Por Mikel Pulgarín, periodista y consultor de comunicación
O mucho me equivoco, o lo que ahora llamamos crisis tiene poco que ver con aquellas otras que se hicieron famosas a lo largo del turbulento siglo XX. A los hechos me remito. Sólo hay que volver la vista atrás, a finales de los años 20, y contemplar las ventanas de aquellos imperiales edificios de la Séptima Avenida de Nueva York, abiertas de par en par, por las que segundos antes se habían arrojado al vacío seres temerosos de no poder hacer frente al pago de la cuota mensual del Club de Polo. O a los millones de personas que dejaron sus hasta entonces seguros hogares (“home, sweet home”) para formar parte de una legión de mendigos que merodeaban por estaciones y basureros. Y para qué hablar de aquel Berlín de los años 30, en el que viajar en Metro podía llevar a la ruina a una familia de la llamada clase acomodada. O de la postguerra española, los famosos “años del hambre”, que sin duda son para echar de comer aparte.
En la década de los 70 las crisis adquirieron otro cariz. No afectaron tanto al elemento culinario como al pecuniario. El “oro negro” trastocó esquemas y provocó el desconcierto entre tirios y troyanos. Los primeros efectos fueron notorios en las fachadas de muchas empresas. Cuando una industria deja sin pintar sus paredes exteriores, algo extraño sucede en el interior. En aquella época todo se impregnó de desconchado y hollín decadentes, y el personal tomó conciencia de que nada volvería a ser como antaño. Más tarde, los defectos en los enlucidos de los muros dieron paso a largas hileras de personas haciendo tiempo delante de locales en cuyos frontis podían leerse las siglas INEM. Y todos, por simpatía, más que por empatía, decidimos que eran momentos de crisis.
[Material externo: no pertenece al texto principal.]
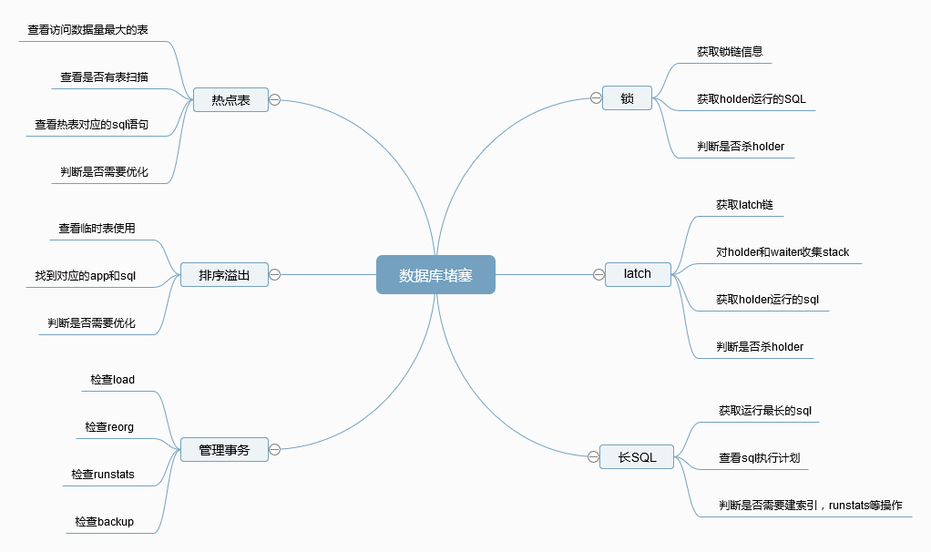 Db2 數據庫發生性能緩慢或者堵塞的最常見現象是數據庫活動會話激增,數據庫相關命令和語句運行緩慢。導致性能緩慢的原因有很多,最常見的可能是出現鎖問題。一個長 sql 堵塞其他相關 sql,導致短時間并發 sql 變多,系統變慢。也有可能是出現了大 sql,耗盡系統資源等。如下圖所示,我歸納列舉了一些常見的堵塞原因,整理了相關問題解決的方法。
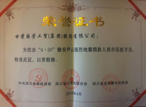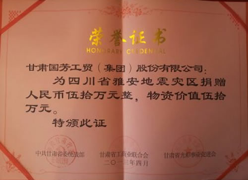 北京時(shí)間2013年4月20日8時(shí)02分,四川省雅安市蘆山縣發(fā)生7.0級(jí)大地震,作為甘肅省知名企業(yè)以及“甘肅省十大慈善單位”,國芳集團(tuán)在第一時(shí)間向?yàn)?zāi)區(qū)捐贈(zèng)50萬元現(xiàn)金和50萬元的物資,向?yàn)?zāi)區(qū)群眾送去一份愛心,這一善舉得到了廣大社會(huì)輿論的好評(píng)和百姓的良好口碑,并得到了四川、甘肅兩省,省委統(tǒng)戰(zhàn)部、省工商聯(lián)、省光彩事業(yè)促進(jìn)會(huì)的表揚(yáng)和嘉獎(jiǎng)。在此國芳集團(tuán)呼吁更多的企業(yè)能夠加入社會(huì)公益、慈善的行列里來,讓社會(huì)主義大家庭的溫暖,灑向神州大地,也祝愿雅安同胞早日遠(yuǎn)離苦難,重建家園。
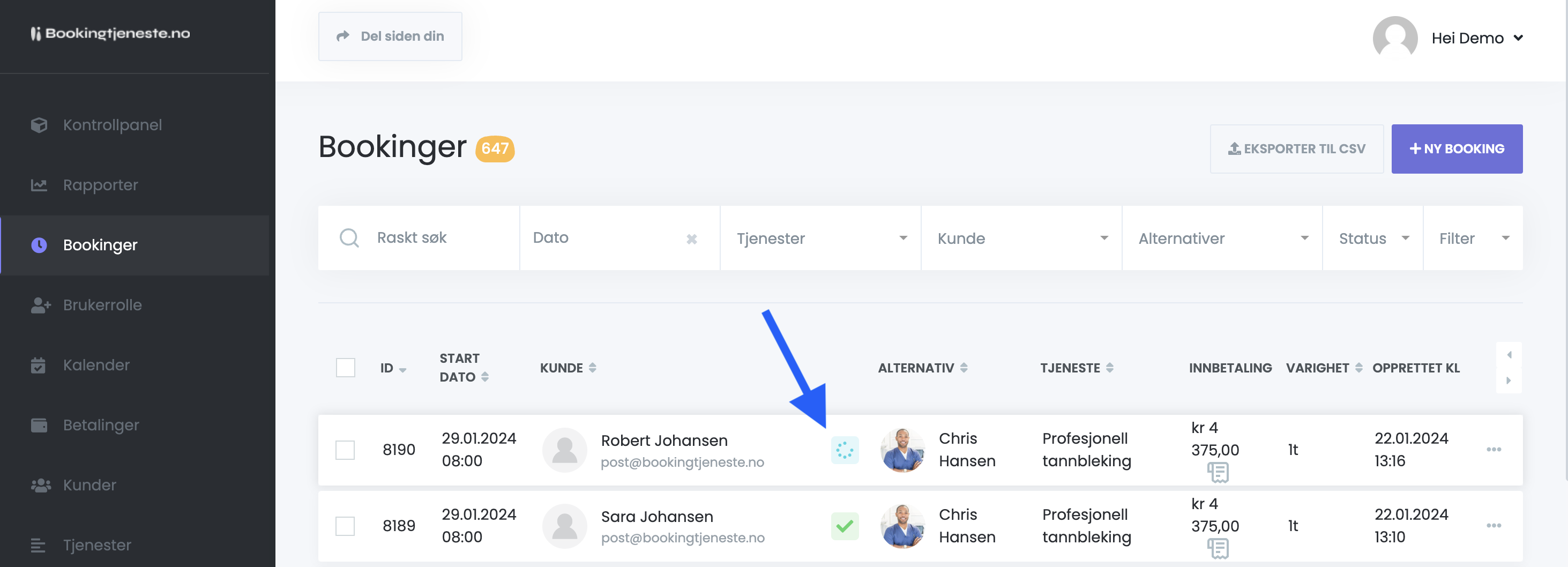 - Varsling: Kunden som får tildelt plassen, får automatisk beskjed på e-post eller SMS med alle detaljer.
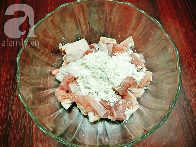 Cho thịt gà vào 1 cái tô rồi thêm bột chiên giòn sau đó xóc đều cho thịt bám đều 1 lớp bột bên ngoài.
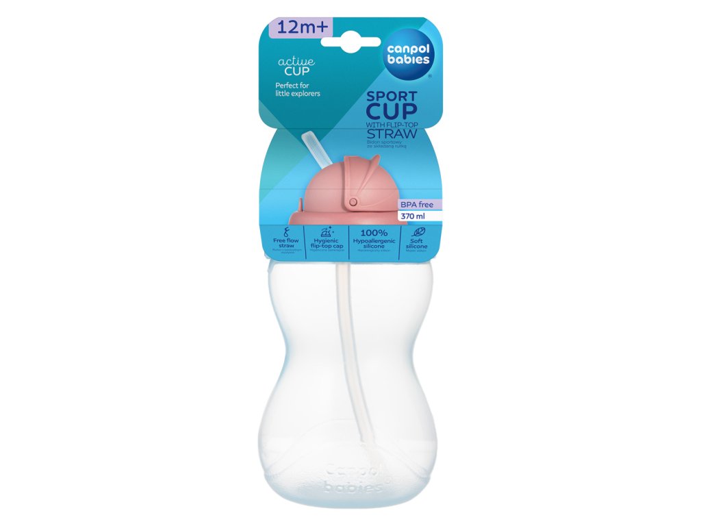 Praktická športová fľaša s objemom 370 ml bola navrhnutá tak, aby deti boli stále hydratované pri hre, učení a dobrodružstvách na čerstvom vzduchu alebo v škôlke. Skvelá voľba pre batoľatá, ktoré už vedia samostatne piť a deti chodiace do škôlky. Mäkká siliknová slamka s voľným prietokom je šetrná k citlivým ďasnám dieťaťa. Športová fľaša je vyrobená z nerozbitného a bezpečného plastu. Je ľahká a odolná proti poškodeniu. Tvar fľaše uľahčuje držanie v detských rukách a veľký otvor uľahčuje plnenie a umývanie. Určené pre studené nápoje alebo nápoje izbovej teploty. Možno ho umývať v umývačke riadu a ohrievať v mikrovlnnej rúre. Fľaša sa otvára a zatvára rýchlo a ľahko. Uzavretá športová fľaša je tesná a netečie. Špeciálny úchyt umožňuje pripevnenie na kočík alebo pás. Športová fľaša Canpol babies so silikónovou slamkou skvele podporí dieťa na pitie vody a rozvoj správnych návykov.
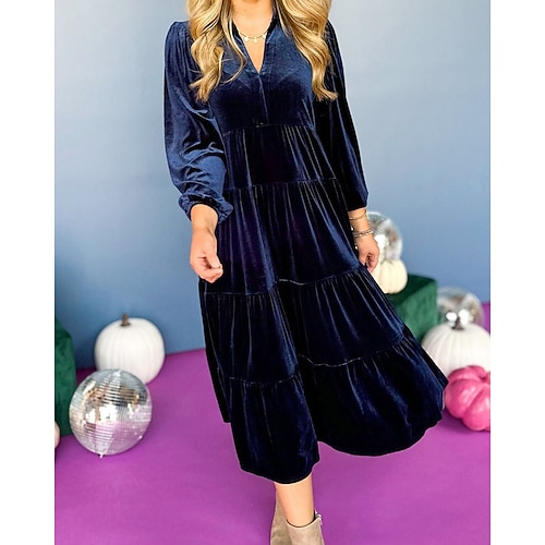 Per donna Abito Midi Abito in Velluto Moda Moderno Quotidiano Ufficio Uscire Vestibilità regolare Semplice Manica Lunga Scollo a V Nero Vino Marrone Verde Primavera Autunno Inverno
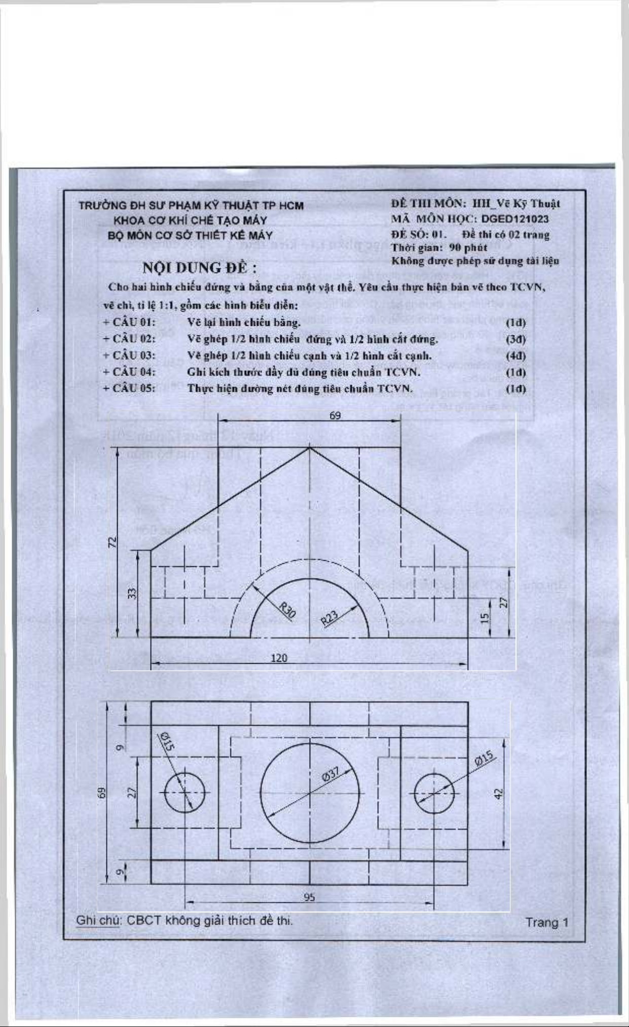 ĐÊ THI MÔN: HH^Vẽ Kỹ Thuật

Recogimos velas, recortamos gastos y pusimos cara de circunstancias. Lo demás llegó “motu proprio”. Tristeza generalizada, ausencia de esperanzas y dolor de los pecados.
Pero ahora, y a pesar de que las circunstancias pueden ser, para otros tantos millones de personas, iguales o incluso perores que aquellas de antaño, todo ha cambiado. Esto ya no es lo que era. ¿Crisis?, ¿Qué crisis? Caravanas kilométricas, hoteles al cien por cien de su capacidad, restaurantes sin posibilidad de reserva, campings rebosantes de individuos con chándal, procesiones observadas por multitudes aposentadas ante una copa de fino y un plato de gambas, infinitos rostros quemados por la nieve de las estaciones de esquí, autobuses repletos de caras sonrientes, ciudades vacías, pueblos repletos…
Un poco de seriedad. Seamos consecuentes. Si esto es la crisis, seguro que nos hemos vuelto todos locos, y si no lo es, por qué demonios nos empeñamos en utilizar ese apelativo tan respetable para referirnos a algo que poco o nada tiene que ver con lo mentado. Algo falla o, si no, todos jugamos al engaño. Nos hemos habituado a compadecer o a que los demás se duelan de nuestras desgracias. Todos tienen penas que sacar a la luz. Viste mucho más el pesimista impenitente que el optimista bien intencionado. Ya no hay quien se atreva a mostrar una sonrisa, por si acaso la mueca se torna en llanto. ¡A Dios rogando y con el mazo dando!
Aún a riesgo de ser lapidado, afirmo que no me creo lo de la crisis. Bueno, con las pertinentes salvedades. Me refiero a esa crisis general de la que muchos alardean, no de las particulares que, sin duda, existen en forma de millones de dramas personales. Afirmo, y ratifico, que tras ese término se esconde más de una hipocresía, más de un vicio privado que se oculta de la pública virtud. Seamos consecuentes, y a los hechos me remito. Analicen, por ejemplo, lo ocurrido durante estas vacaciones de Semana Santa. O mucho han cambiado las cosas o hay que volver a preguntarse lo de ¿crisis?, ¿Qué crisis?